Lindsey has always believed the right words can make anyone care about anything.

Lindsey has a simple conviction about her craft: good writing isn’t industry-specific. If something is written well, people will want to read it, and it doesn’t matter what the subject is. That is what’s driven most of her career decisions, and what’s made copywriting feel less like a job and more like a calling. Words either work or they don’t. She’s spent her career making sure they do.

Before FieldWrk, she spent five years as the in-house copywriter for an organic clothing company, writing across every channel imaginable. Web, social, email, campaigns, product descriptions, if it needed words, it landed on her desk. That kind of range builds a certain confidence. You stop being tentative about subject matter and start caring about the thing that actually matters: whether the writing connects.

That’s exactly what brought her to FieldWrk, where the client roster spans everything from aggregate producers to demolition contractors. Her days are spent writing and rewriting web copy, social content, scripts, project pages, and everything in between. She shows up genuinely excited about every project, collaborates easily with the team, and connects warmly with clients.

Lindsey is a firm believer in the Oxford comma and will defend it at length.
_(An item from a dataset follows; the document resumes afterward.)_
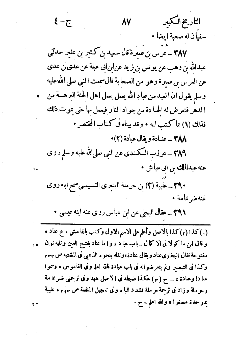 (1) كذا (2) كذا بالاصل وأعلم على الاسم الاول وكتب بالهامش (خ عناد) وقال ابن ماكولا في الاكمال - باب عباد (واما عناد بفتح العين وتليه نون مفتوحة فقال البخاري عناد ويقال عنادة، ونقله بنحوه الذهبي في المشتبه ص 333 وكذا في التبصير ولم يتعرضوا له في باب عبادة فالله اعلم وفى القاموس (وسموا عنادا وعنادة) - ح (3) هكذا ضبطه في الاصل ههنا وفى ترجمتي ضرغامة وحرملة وزاد في ترجمة حرملة فشدد الباء وفى تعجيل المنفعة ص 293 (عليبة بموحدة مصغرا) والله اعلم - ح.
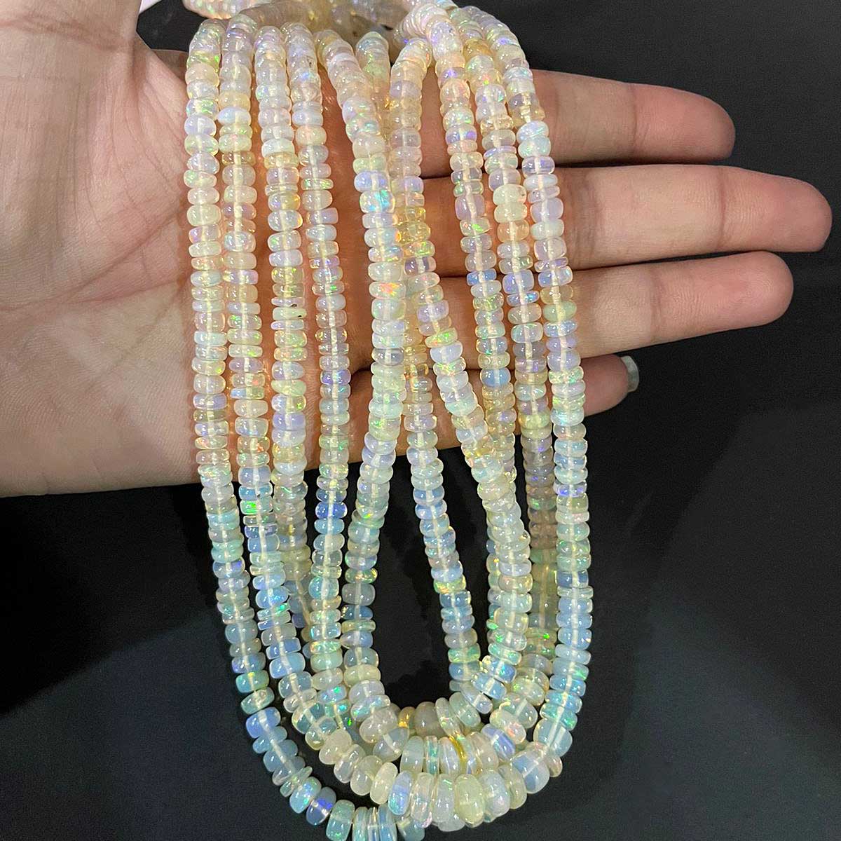 1 Long Strand Ethiopian Welo Opal Smooth Rondelles - Ethiopian Roundelles Beads 5mm-9mm 16 Inches BR03185

She also believes life is too short to finish a book you don’t like, which may be the most practical philosophy on this entire team.

Lindsey calls Fort Collins, CO, home — the best city in the world, she’ll tell you. When she’s not writing, she’s running easy races, skiing powder, camping in her Westfalia, or biking to breweries with her husband. She also, at any given moment, has a deck of cards on her, just in case the moment calls for a card game. Or a magic trick.

“Good copywriting isn't picky. Whether you're talking about underwear or underground utilities, if something is written well, people will want to read it.”